_What you should do:_ Give back only the lines in the records below from the one with "Делаем сверху надрезы" to the one with "Os auriculares para", both inclusive, word for word.
[[ Records for this exercise open ]]
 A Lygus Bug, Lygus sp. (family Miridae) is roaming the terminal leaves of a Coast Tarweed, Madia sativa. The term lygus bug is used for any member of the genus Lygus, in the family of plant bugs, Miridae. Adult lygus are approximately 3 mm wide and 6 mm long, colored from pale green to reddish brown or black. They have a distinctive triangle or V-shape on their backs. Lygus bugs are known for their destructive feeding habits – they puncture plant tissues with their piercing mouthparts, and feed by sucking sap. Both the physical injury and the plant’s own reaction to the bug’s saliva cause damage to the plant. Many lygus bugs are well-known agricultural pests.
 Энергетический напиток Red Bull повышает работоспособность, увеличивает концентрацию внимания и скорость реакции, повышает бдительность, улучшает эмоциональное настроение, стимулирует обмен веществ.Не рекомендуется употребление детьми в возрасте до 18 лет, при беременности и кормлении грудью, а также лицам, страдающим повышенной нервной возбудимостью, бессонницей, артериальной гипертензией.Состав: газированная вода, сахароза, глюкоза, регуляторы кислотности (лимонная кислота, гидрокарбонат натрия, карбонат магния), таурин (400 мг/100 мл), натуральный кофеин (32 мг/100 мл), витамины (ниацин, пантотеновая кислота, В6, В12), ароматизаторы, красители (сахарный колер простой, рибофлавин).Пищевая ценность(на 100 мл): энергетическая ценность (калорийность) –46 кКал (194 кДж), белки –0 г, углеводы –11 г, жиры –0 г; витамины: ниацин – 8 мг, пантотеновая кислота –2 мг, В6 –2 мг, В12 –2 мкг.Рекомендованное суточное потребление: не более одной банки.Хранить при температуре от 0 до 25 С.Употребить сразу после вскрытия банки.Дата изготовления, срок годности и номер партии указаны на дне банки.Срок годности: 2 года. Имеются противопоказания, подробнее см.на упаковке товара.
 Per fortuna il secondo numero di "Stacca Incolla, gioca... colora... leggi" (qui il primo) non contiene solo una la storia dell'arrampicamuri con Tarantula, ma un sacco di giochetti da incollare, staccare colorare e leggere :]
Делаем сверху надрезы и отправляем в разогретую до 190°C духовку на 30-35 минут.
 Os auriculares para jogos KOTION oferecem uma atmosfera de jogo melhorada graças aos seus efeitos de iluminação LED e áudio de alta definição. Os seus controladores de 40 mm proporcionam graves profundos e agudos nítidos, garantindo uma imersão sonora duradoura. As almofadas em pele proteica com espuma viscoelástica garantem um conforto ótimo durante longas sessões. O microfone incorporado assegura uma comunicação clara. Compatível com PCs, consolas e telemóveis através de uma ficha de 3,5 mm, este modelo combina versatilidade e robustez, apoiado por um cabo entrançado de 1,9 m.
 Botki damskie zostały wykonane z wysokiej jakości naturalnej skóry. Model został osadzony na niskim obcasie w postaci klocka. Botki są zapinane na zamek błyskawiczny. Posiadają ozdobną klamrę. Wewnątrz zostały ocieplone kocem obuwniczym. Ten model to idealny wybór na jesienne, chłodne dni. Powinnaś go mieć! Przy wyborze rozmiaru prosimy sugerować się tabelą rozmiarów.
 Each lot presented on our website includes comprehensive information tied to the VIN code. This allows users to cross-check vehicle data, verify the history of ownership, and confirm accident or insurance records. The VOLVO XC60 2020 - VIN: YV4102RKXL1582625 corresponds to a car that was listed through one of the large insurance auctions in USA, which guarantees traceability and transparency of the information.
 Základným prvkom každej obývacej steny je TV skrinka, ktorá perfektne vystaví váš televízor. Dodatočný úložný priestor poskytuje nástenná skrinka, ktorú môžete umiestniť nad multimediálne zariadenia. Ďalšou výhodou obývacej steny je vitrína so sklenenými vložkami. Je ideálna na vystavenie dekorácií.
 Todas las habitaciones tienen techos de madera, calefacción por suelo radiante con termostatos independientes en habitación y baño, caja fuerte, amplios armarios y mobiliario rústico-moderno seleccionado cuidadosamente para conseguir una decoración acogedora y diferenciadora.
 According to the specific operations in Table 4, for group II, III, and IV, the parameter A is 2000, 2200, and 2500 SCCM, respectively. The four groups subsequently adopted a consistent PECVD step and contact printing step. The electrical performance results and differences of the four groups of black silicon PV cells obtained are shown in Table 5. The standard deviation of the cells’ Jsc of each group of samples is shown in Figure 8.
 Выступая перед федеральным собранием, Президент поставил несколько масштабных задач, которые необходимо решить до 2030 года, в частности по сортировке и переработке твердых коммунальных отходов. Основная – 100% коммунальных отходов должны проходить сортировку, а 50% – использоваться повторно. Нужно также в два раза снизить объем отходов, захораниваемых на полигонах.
[[ Records for this exercise closed ]]
_Solution:_
Делаем сверху надрезы и отправляем в разогретую до 190°C духовку на 30-35 минут.
 Os auriculares para jogos KOTION oferecem uma atmosfera de jogo melhorada graças aos seus efeitos de iluminação LED e áudio de alta definição. Os seus controladores de 40 mm proporcionam graves profundos e agudos nítidos, garantindo uma imersão sonora duradoura. As almofadas em pele proteica com espuma viscoelástica garantem um conforto ótimo durante longas sessões. O microfone incorporado assegura uma comunicação clara. Compatível com PCs, consolas e telemóveis através de uma ficha de 3,5 mm, este modelo combina versatilidade e robustez, apoiado por um cabo entrançado de 1,9 m.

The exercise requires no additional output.